▸ **Work instructions**
Output the listing word for word, minus pictures.

▸ **Source material**

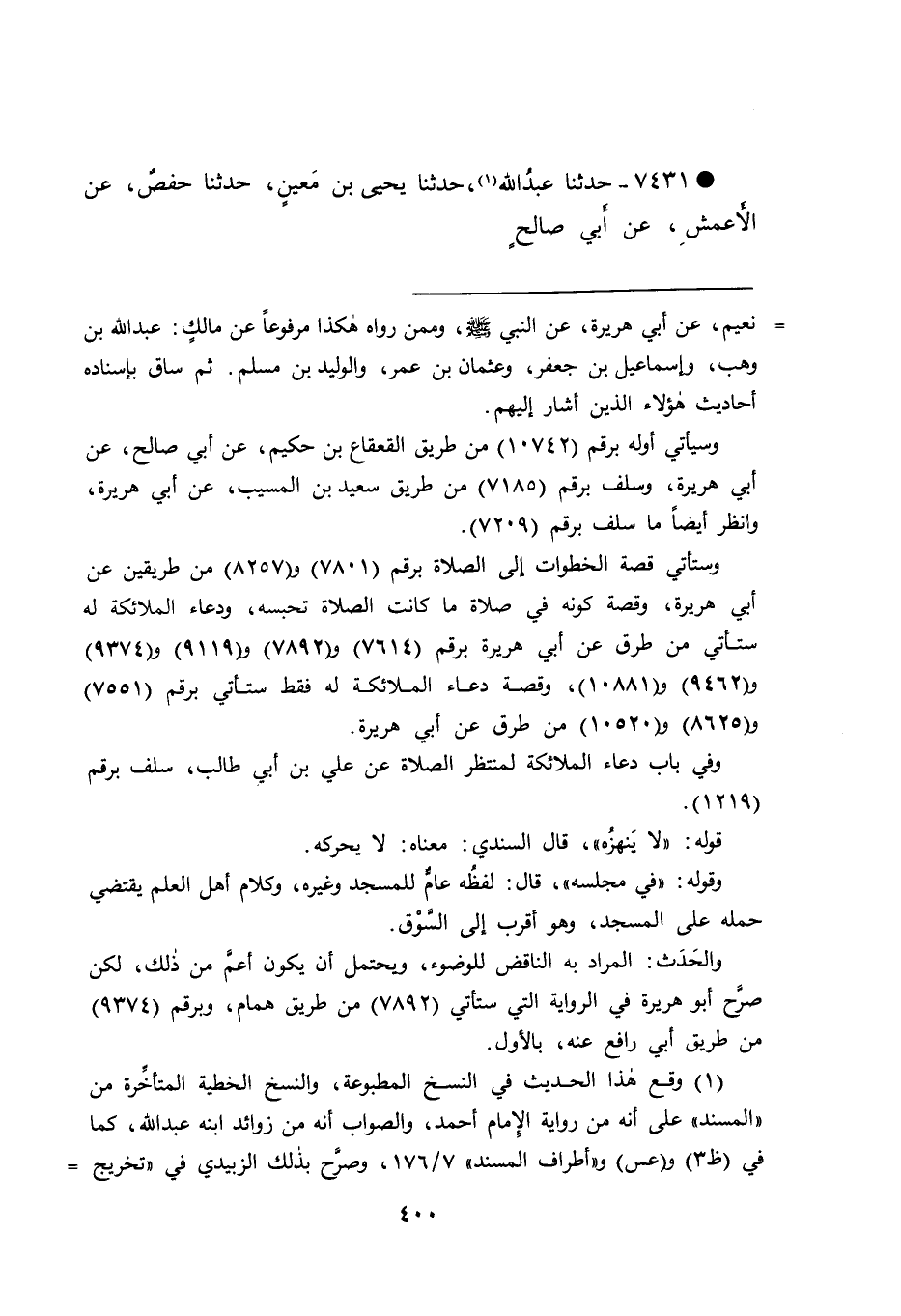 • ٧٤٣١ - حَدَّثَنَا عَبْدُ اللهِ (١) ، حَدَّثَنَا يَحْيَى بْنُ مَعِينٍ، حَدَّثَنَا حَفْصٌ، عَنِ الْأَعْمَشِ، عَنْ أَبِي صَالِحٍ،
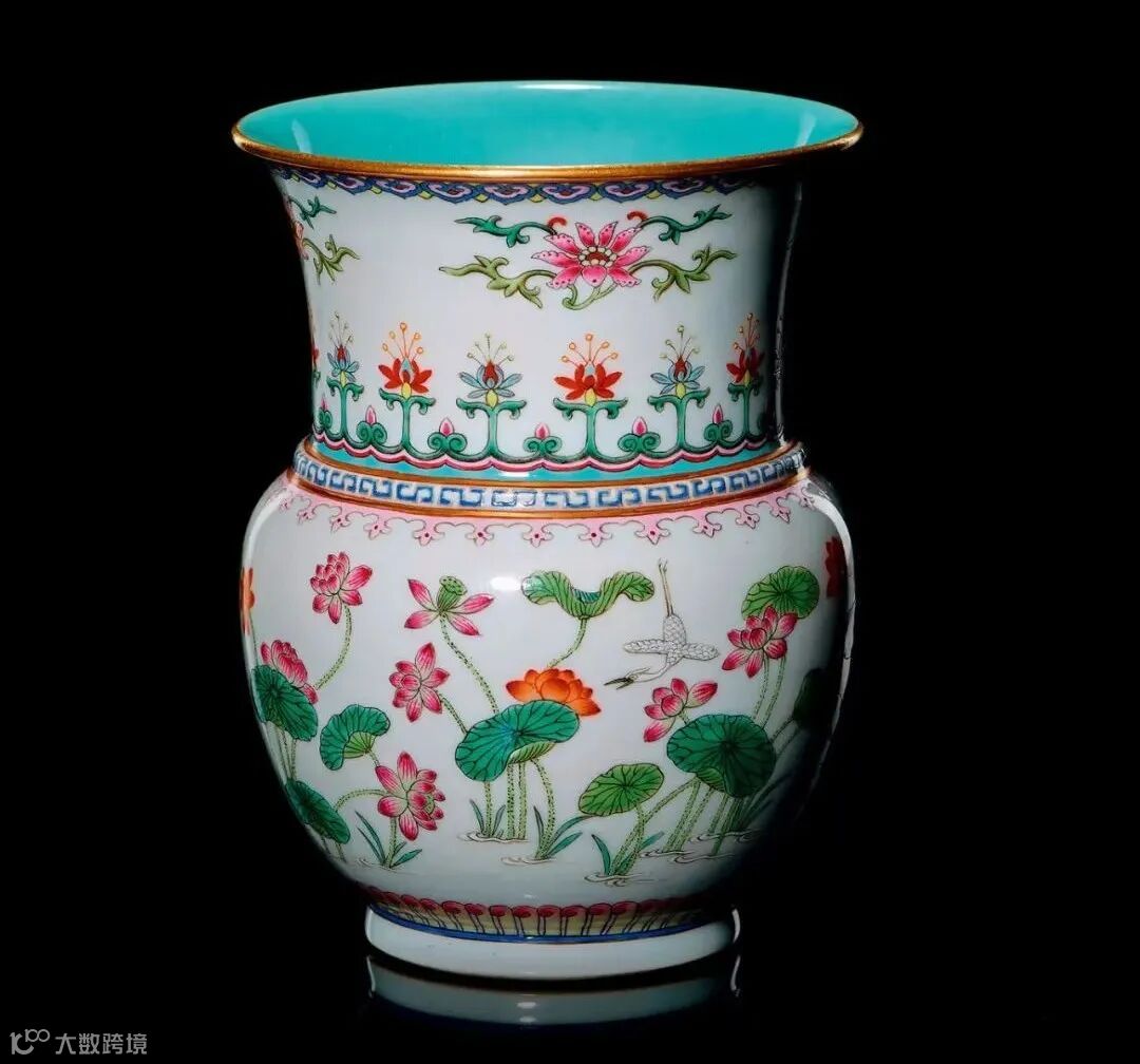 说明:拍品体量颇为精巧,可爱隽秀,十分罕见。小尊喇叭状口,鼓腹渐敛,下承小圈足,足内施松石绿釉,中央留白,署矾红彩『大清乾隆年制』六字三行篆书双框款,款识形式新颖少见。器内壁满施松石绿釉。腹壁莹洁的白釉地上以粉彩描绘通景的荷塘白鹭图。池水中,嫩绿的叶柄、花梗从水中升起,托起硕大的荷叶、鲜艳欲滴的荷花与饱满多子的莲蓬,摇曳生姿。其间点缀四只形态各异的白鹭,羽翼丰满而洁白,姿态悠然自得,轻逸出尘。整幅画面,呈现出一派自然恬静的夏日荷塘美景。主题纹饰外,自上而下辅以如意云头纹、折枝莲纹、缠枝莲纹、变形夔纹、莲瓣纹等,施彩丰富而不繁缛,色泽丰富娇艳而不媚俗。口沿、颈肩部加饰三道金彩,熠熠生辉。
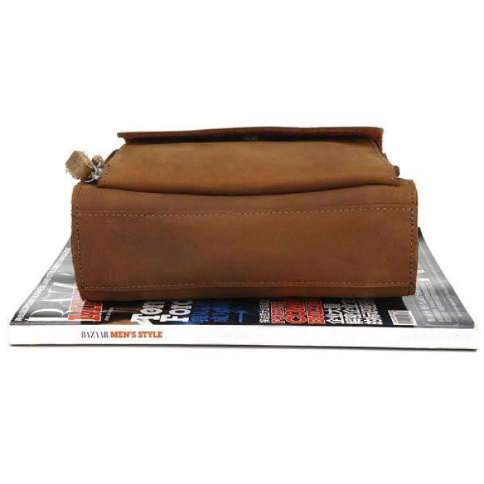 Ексклюзивна шкіряна сумка для чоловіків. Тримаючи цей аксесуар в руках, відразу розумієш, що це дорога і якісна річ. При виготовленні сумки використовувалася високоякісна шкіра і надійна фурнітура. Виріб прошито міцною ниткою. Завдяки цим якостям служити сумка буде довгий час і при цьому збереже презентабельний зовнішній вигляд.
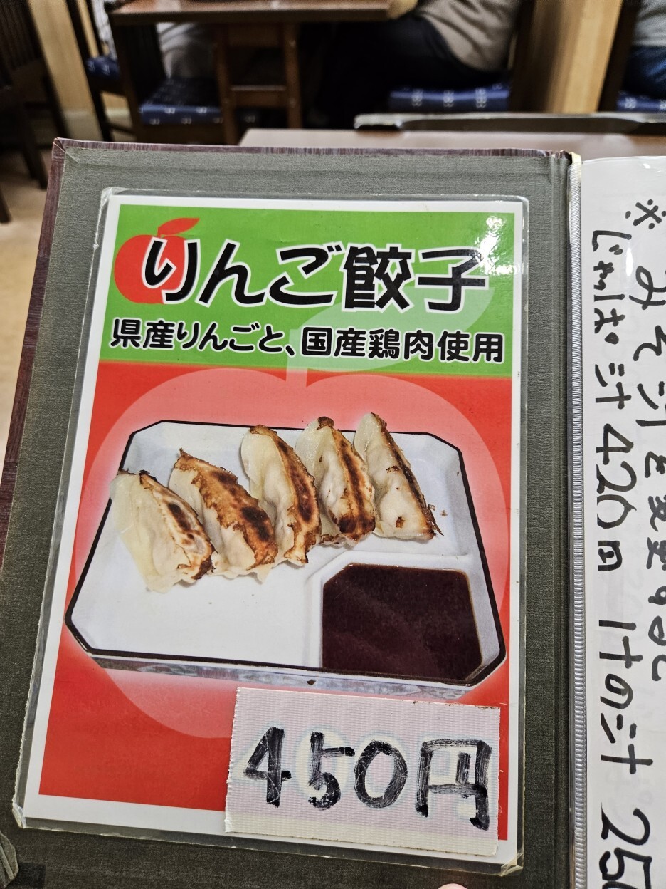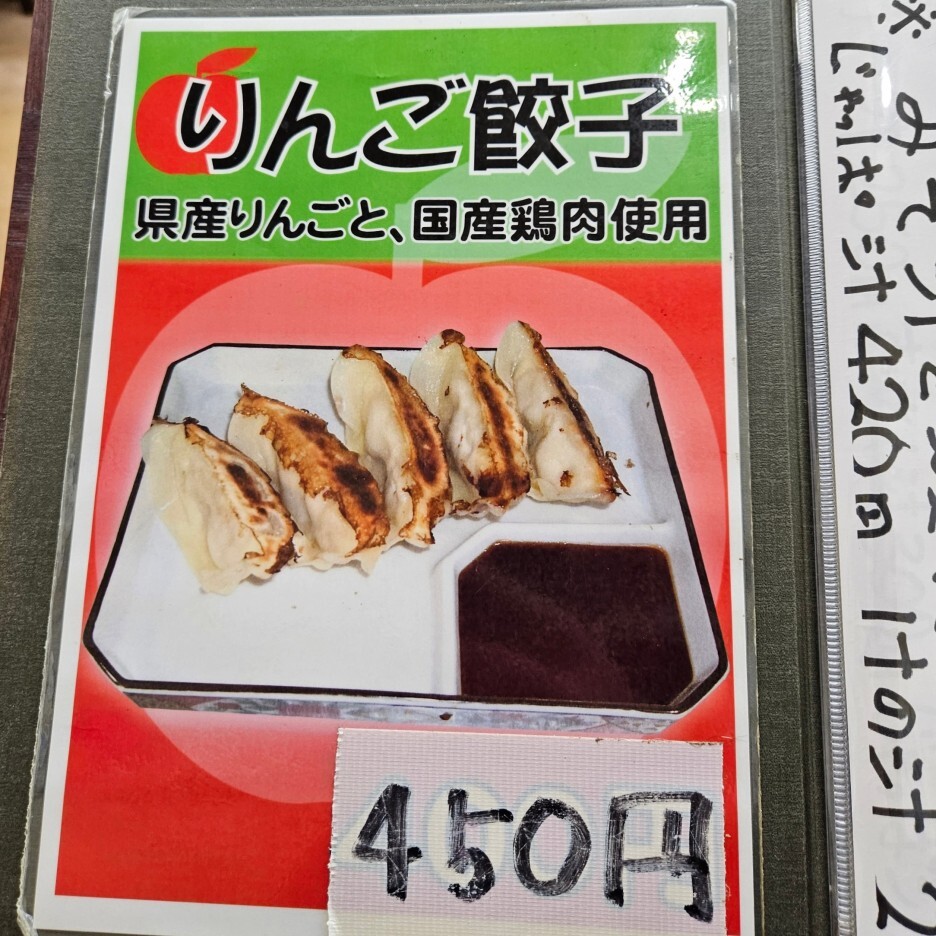 그 옆에 있던 조금은 황당한 메뉴. 사과 교자. 아오모리산 사과와 국내산 닭고기를 사용한다고 되어 있다. 과연 어떤 맛일지 궁금하기도 했지만, 여기에 이거 먹으러 온 것은 아니다.

▸ **Completed exercise**
 • ٧٤٣١ - حَدَّثَنَا عَبْدُ اللهِ (١) ، حَدَّثَنَا يَحْيَى بْنُ مَعِينٍ، حَدَّثَنَا حَفْصٌ، عَنِ الْأَعْمَشِ، عَنْ أَبِي صَالِحٍ،
 说明:拍品体量颇为精巧,可爱隽秀,十分罕见。小尊喇叭状口,鼓腹渐敛,下承小圈足,足内施松石绿釉,中央留白,署矾红彩『大清乾隆年制』六字三行篆书双框款,款识形式新颖少见。器内壁满施松石绿釉。腹壁莹洁的白釉地上以粉彩描绘通景的荷塘白鹭图。池水中,嫩绿的叶柄、花梗从水中升起,托起硕大的荷叶、鲜艳欲滴的荷花与饱满多子的莲蓬,摇曳生姿。其间点缀四只形态各异的白鹭,羽翼丰满而洁白,姿态悠然自得,轻逸出尘。整幅画面,呈现出一派自然恬静的夏日荷塘美景。主题纹饰外,自上而下辅以如意云头纹、折枝莲纹、缠枝莲纹、变形夔纹、莲瓣纹等,施彩丰富而不繁缛,色泽丰富娇艳而不媚俗。口沿、颈肩部加饰三道金彩,熠熠生辉。
 Ексклюзивна шкіряна сумка для чоловіків. Тримаючи цей аксесуар в руках, відразу розумієш, що це дорога і якісна річ. При виготовленні сумки використовувалася високоякісна шкіра і надійна фурнітура. Виріб прошито міцною ниткою. Завдяки цим якостям служити сумка буде довгий час і при цьому збереже презентабельний зовнішній вигляд.
 그 옆에 있던 조금은 황당한 메뉴. 사과 교자. 아오모리산 사과와 국내산 닭고기를 사용한다고 되어 있다. 과연 어떤 맛일지 궁금하기도 했지만, 여기에 이거 먹으러 온 것은 아니다.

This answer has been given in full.